Although artificial intelligence (AI), IT-security and cybersecurity have long been discussed in the context of product regulation, especially in the context of product liability, these regulatory aspects have so far hardly found their way into concrete product law provisions. Therefore, the EU has recently launched several initiatives to legally cover the digitalisation of the product world. In the following, the main legislative projects that could become reality or at least be advanced in 2022 are presented. Specifically, this concerns the aspect of cybersecurity within the framework of the planned EU General Product Safety Regulation (hereinafter referred to as “GPSR-E”) (see A.), the proposal for an AI regulation (see B.), the proposal for a Regulation on liability for the operation of Artificial Intelligence-systems (see C.) and the reform of Directive 85/374/EEC (so-called Product Liability Directive) (see D.).

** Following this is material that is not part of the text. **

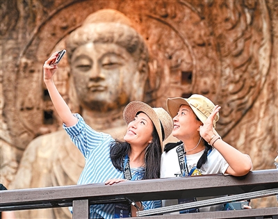 游客游览龙门石窟,感受精美绝伦的石刻艺术,领略世界文化遗产的独特魅力。

A. Cybersecurity under the EU General Product Safety Regulation
The GPSR-E presented in yesterday’s overview, which is to precede European product safety law as a general part, explicitly takes up the aspect of cybersecurity. According to Art. 7(1)(h) GPSR-E, the existence of required cybersecurity features is to be a criterion in assessing the safety of a product. After all, cybersecurity risks can have an impact on the safety of consumers, which is why they must be covered by the safety concept under product safety law. Article 7(1)(h) of the GPSD-E is to be understood as requiring minimum legal requirements for cybersecurity. Regulation (EU) 2019/881, which establishes an EU-wide certification framework for the cybersecurity of ICT products, services and processes, does not specify such a minimum level.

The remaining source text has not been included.